Of the 87 patients with uncontrolled CRSwNP, 69 (79%) suffered from asthma preoperatively. Fifteen patients (17%) had previously undiagnosed asthma (preAB). Eighty per cent of the patients had severely decreased HRQoL, with SNOT-22 ≥ 40. There were no differences between the AB, preAB and no-asthma groups in sex, body mass index (BMI), mean age, prevalence of high scores in questions 6 and 14 evaluating cough and night awakening in SNOT-22, ASA intolerance or NP, LM or SST-12 scores. The prevalence of allergic rhinitis was more common in the AB and preAB groups (n = 28, 52%, and n = 9, 60%, respectively) than in the no-asthma group (n = 3, 17%) (p = 0.017). B-eos was elevated in all the groups (mean 0.54 E9/L, SD 0.41, range 0–2.84 in the whole study population) but did not differ between the groups (Table 1). In patients with AB, eNO was higher than in those with no asthma (p = 0.041), but the relationship between asthma (preAB or AB) and eNO was not significant after adjusting for smoking and allergic rhinitis (p = 0.11).

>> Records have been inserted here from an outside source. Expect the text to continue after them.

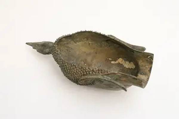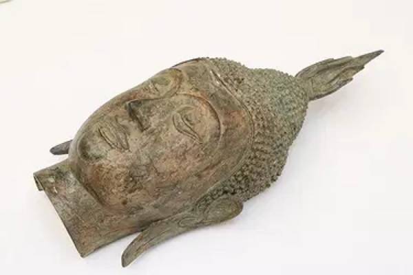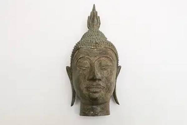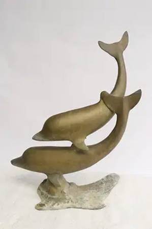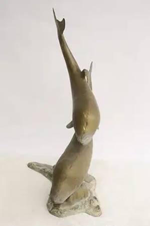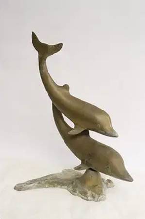 2 pieces; Asian bronze sculpture of deity head (10.3"H), and a brass sculpture of dolphin group (14.2"H) Shipping available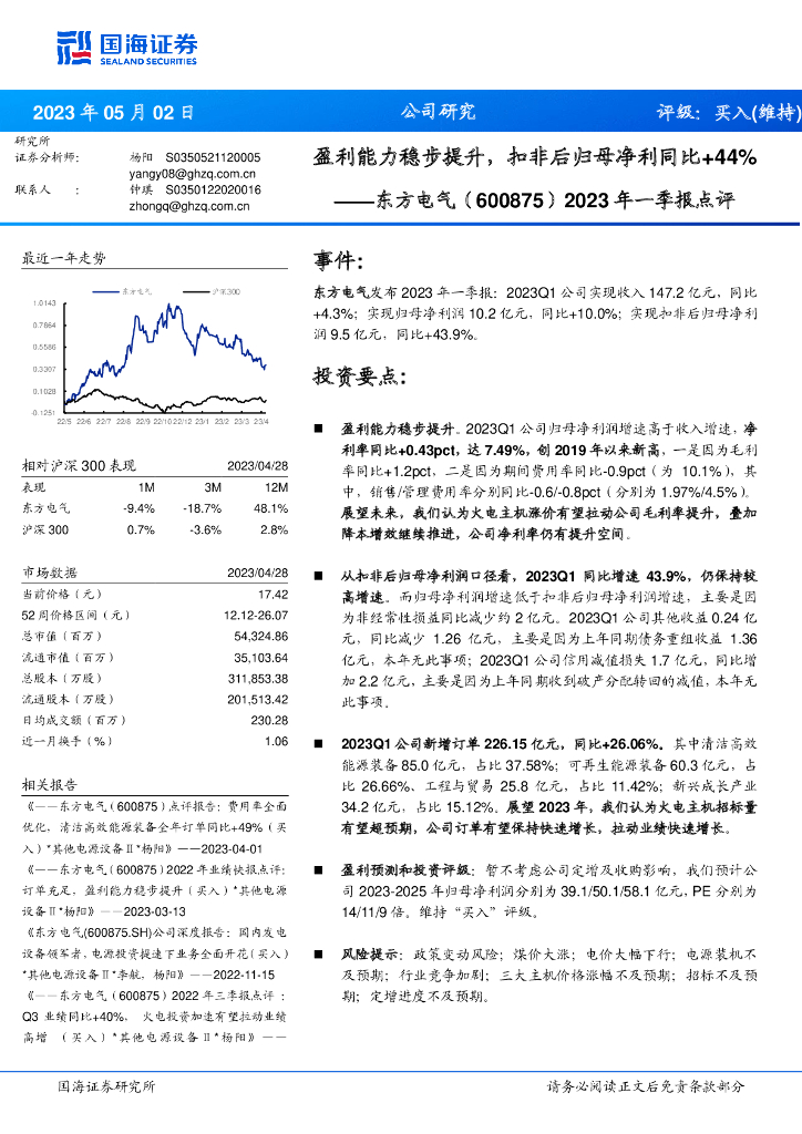 国海证券:东方电气(600875)-2023年一季报点评:盈利能力稳步提升,扣非后归母净利同比+44%.pdf
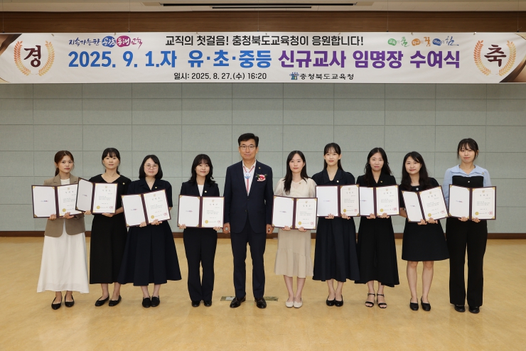 [뉴스노크=김인호 기자] 충청북도교육청은 27일, 충북교육청 화합관에서 2025년 9월 1일자로 승‧전직하는 교원 및 교육전문직원에게 임명장을 수여하는 뜻깊은 자리를 마련했다.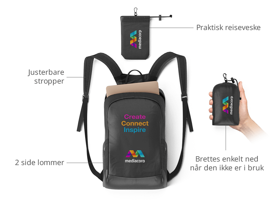 Denne lette ryggsekken er laget av slitesterk polyester og har en praktisk sammenleggbar design som gjør at den enkelt kan pakkes ned i sin egen stappesekk når den ikke er i bruk. Dette gjør den til et ideelt reisefølge for kundene og medarbeiderne dine, enten de pendler til jobben eller er ute på helgetur.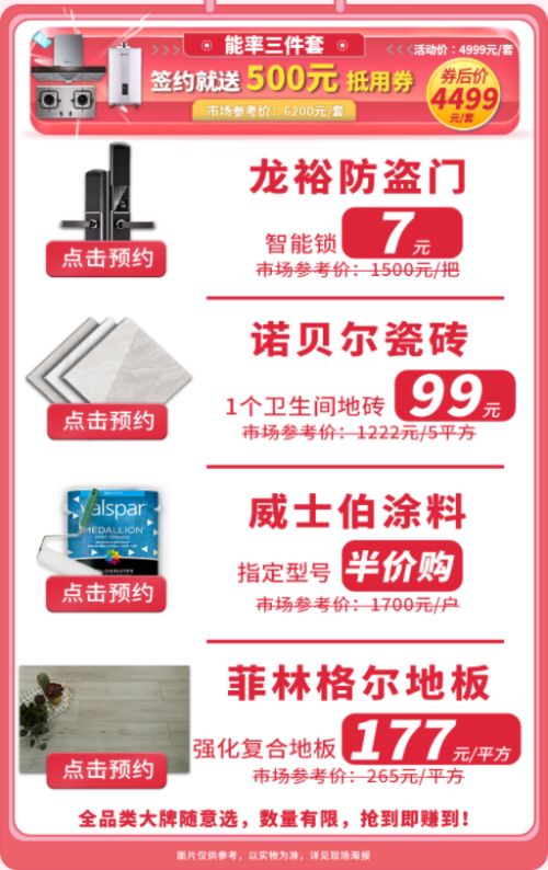 与此同时,百姓装潢携国内外大牌建材战略合作伙伴,为报名参加本次展会的客户精选大牌爆款材料,限量秒杀。签约就送能率三件套500元抵用券,原价6200元的三件套,券后仅4499元,龙裕防盗门智能锁7元秒杀,诺贝尔瓷砖装修一个5平米的卫生间仅需99元,更有大牌威士伯涂料半价购、菲林格尔地板177元每平米,此外还有百姓装潢众多战略合作伙伴,都将出席展会并推出全屋装修材料和家装用品超值放送活动,全品类大牌随意选,数量有限,抢到就是赚到。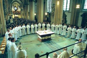 v.l.n.r. Diakon Michael Albrecht, Diakon Paul-Georg Bartscher, Diakon Andreas Blöink, Diakon Wilhelm Goebbels, Diakon Paul Hadley, Diakon Michael Hossfeld, Diakon Josef Hültenschmidt, Diakon Jürgen Lengeling, Diakon Gottfried Rempe, Diakon Karl-Peter Stelzer, Diakon Jürgen Vogt, Diakon Eckhard Witt, Diakon Matthias Weißner, Diakon Raimund Thätner, Diakon Peter Schulte-Pelkum, Diakon Ludwig Ramsel, Diakon Rudolf Kretzer, Diakon Thomas Huneke, Diakon Christoph Henrichs, Diakon Wilhelm Grothe, Diakon Theo Breul, Diakon Hans Joachim Bexkens, Diakon Horst Arwers

Allergic rhinitis had a relationship with asthma (AB or preAB) in multivariate analysis (odds ratio 5.41, 95% CI 1.24–23.61) when sex, age, BMI, smoking status and ASA intolerance were included. There was a weak correlation between the SNOT-22 and ACT scores (−0.23 [95% CI −0.42 to −0.01]).

Asthma was uncontrolled preoperatively in 40 (58%) patients suffering from asthma. Sex, age, BMI, smoking status, ASA intolerance, allergic rhinitis, B-eos, NP score, LM score, anosmia and eNO did not differ between the controlled and uncontrolled asthma groups.

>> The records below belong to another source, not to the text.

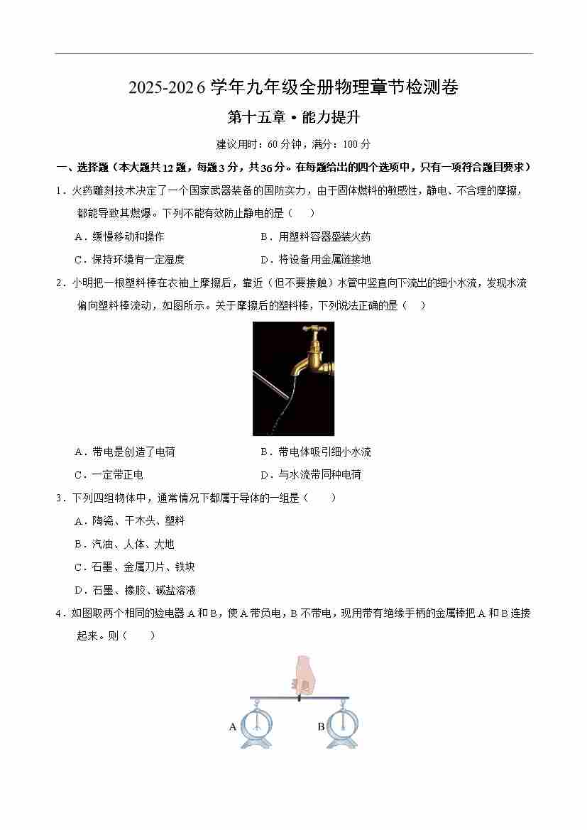 九年级物理第十五章单元测试·提升卷(考试版A4)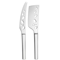 Original juego de 2 piezas para cortar queso de WMF, en acero inoxidable, con un divertido diseño llamado "Vela", que imita a los agujeros de los característicos quesos holandeses.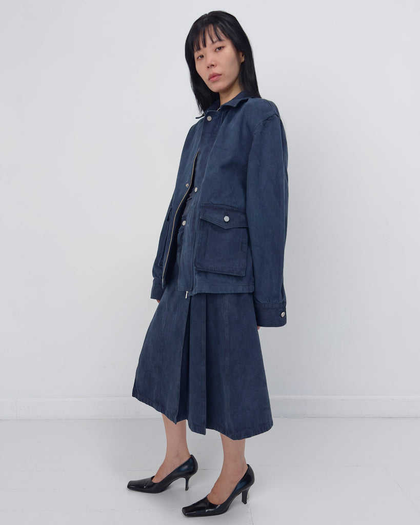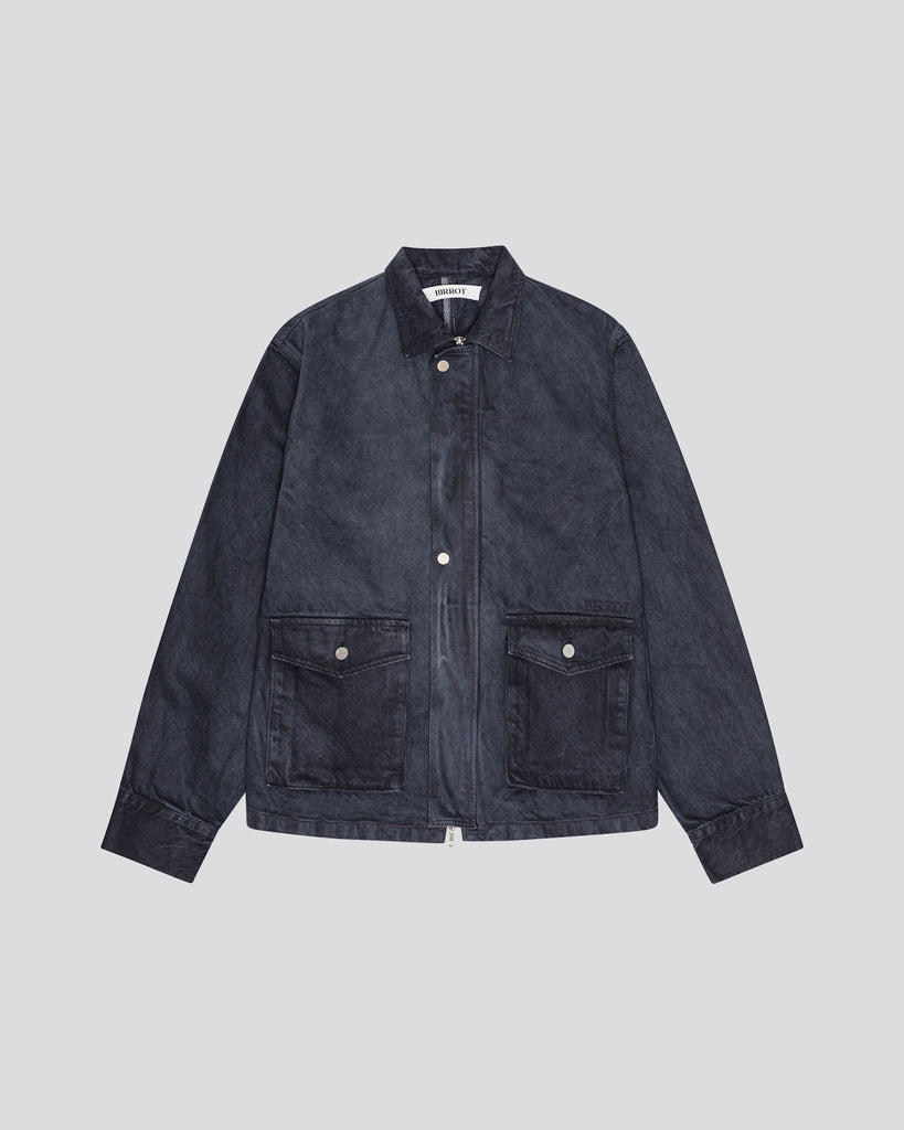 Denim work jacket in 100% cotton with sharp collar, zip and button front closure and bellow pockets in oversized silhouette.

The small sample size was a limitation of this study, and the results should be verified with studies in other populations and with larger sample sizes. These results are likely to be applicable to patients with the clinical assessment criteria used and an indication for surgery. Most patients in this study had severely decreased HRQoL, with a SNOT-22 score of at least 40. The strengths of this study were its systematic evaluation of HRQoL with the SNOT-22, ACT and 15D questionnaires and its concurrent examination of the upper airway (LM and NP scores, SST-12) and lower airway (spirometry, PEF recording and eNO).

Asthma is known to exacerbate the symptoms of CRSwNP. These results show that asthma and uncontrolled asthma are commonly found in patients with uncontrolled CRSwNP undergoing sinus surgery. These patients benefit from a comprehensive evaluation of both upper and lower airway diseases preoperatively.

Data collection was performed by E.G., J.S., A.L.-H., M.L., S.H.-M., L.H., A.M., S.V., S.T.-S., and P.V. The planning of the study, data analyses, and interpretation were performed by E.G., P.K., S.T.-S., and P.V. The manuscript was written by E.G., P.K., J.S., A.L.-H., M.L., S.H.-M., L.H., A.M., S.V., S.T.-S., and P.V.

Research permission (HUS/66/2018) was granted on June 21, 2018, by the Institutional Review Board of Helsinki University Hospital and ENT Hospital and was extended on February 22, 2023 (HUS/53/2023). The Research Ethical Board of the Helsinki and Uusimaa Hospital District approved the study design (HUS/1801/2017) on September 14, 2017. Informed consent was obtained from the study participants. The study was registered in ClinicalTrials.gov, NCT03704415.

E.G. reports a lecture fee from GlaxoSmithKline, a manuscript fee from the Finnish doctors' society Duodecim, and an abroad congress fee from Orion. P.K. reports lecturing fees from GlaxoSmithKline, consultancies for Swedish Orphan Biovitrum and the Finnish Patient Insurance Center, grants from Allergy Research Foundation, positions as Principal Investigator for Theravance Pan Janus kinase inhibitor TD-0903 and president of the Finnish Respiratory Society. J.S. reports a congress fee from Sanofi and consultancy for GlaxoSmithKline. A.L.-H. reports consultancies for GlaxoSmithKline, Sanofi and Galenus Health, congress fees from Karl Storz, a confidential post at European Rhinologic Society delegate and a grant from Sanofi. S.T.S. reports consultancies for ALK-Abelló, AstraZeneca, Clario, GlaxoSmithKline, Novartis, Sanofi, Orion, Roche Products and grants from GlaxoSmithKline and Sanofi. P.V. reports lecturing fees from Sanofi and GlaxoSmithKline. M.L., S.H.-M., L.H., A.M. and S.V. report no conflicts of interest.